_Task instructions:_ An exact copy of all the data, minus the images, is required.

_Raw data:_
--- START ---

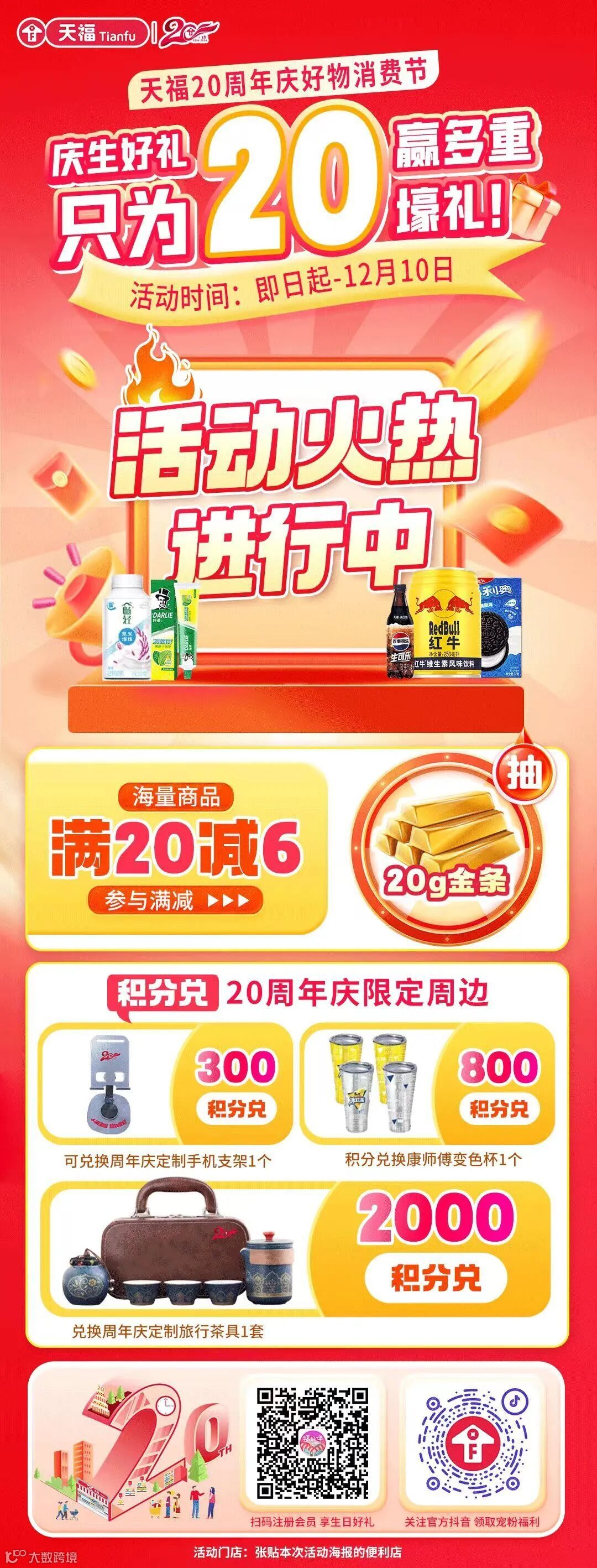活动期间,天福推出“海量商品满20-6”、“5大爆品全年优选价”、“20元购次卡”等6大活动。同时,会员顾客在活动期间可参加积分可兑换周年庆精美礼品。此外,惊喜与福利集结,天福会员消费就有机会抽20克金条。
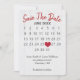 "Salve o calendário" com coração vermelho no fundo de madeira de celeiro batida rustica para o próximo casamento. O texto é editável. O mês pode ser mudado. Coloque o coração vermelho na data do seu casamento.
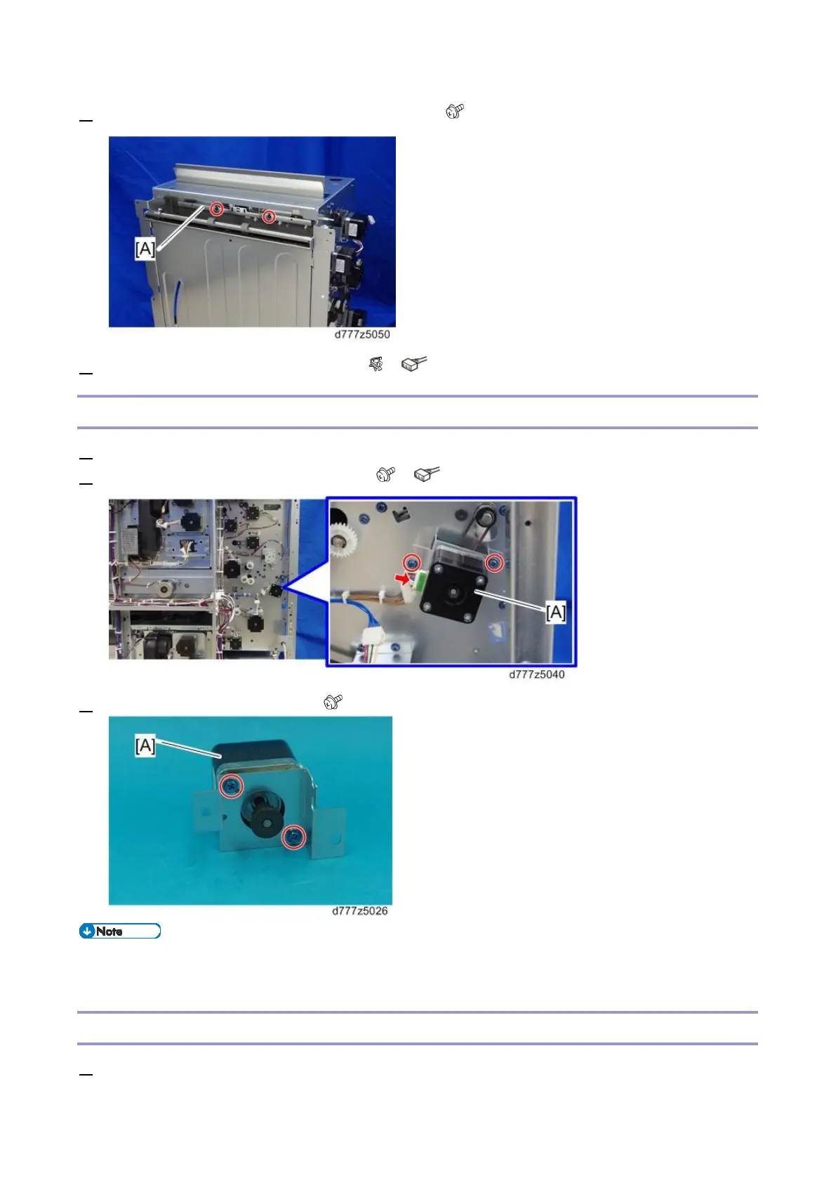 2. Remove the LCIT exit motor bracket [A] ( x2, x1)

--- END ---

_Solution to this exercise:_
活动期间,天福推出“海量商品满20-6”、“5大爆品全年优选价”、“20元购次卡”等6大活动。同时,会员顾客在活动期间可参加积分可兑换周年庆精美礼品。此外,惊喜与福利集结,天福会员消费就有机会抽20克金条。
 "Salve o calendário" com coração vermelho no fundo de madeira de celeiro batida rustica para o próximo casamento. O texto é editável. O mês pode ser mudado. Coloque o coração vermelho na data do seu casamento.
 2. Remove the LCIT exit motor bracket [A] ( x2, x1)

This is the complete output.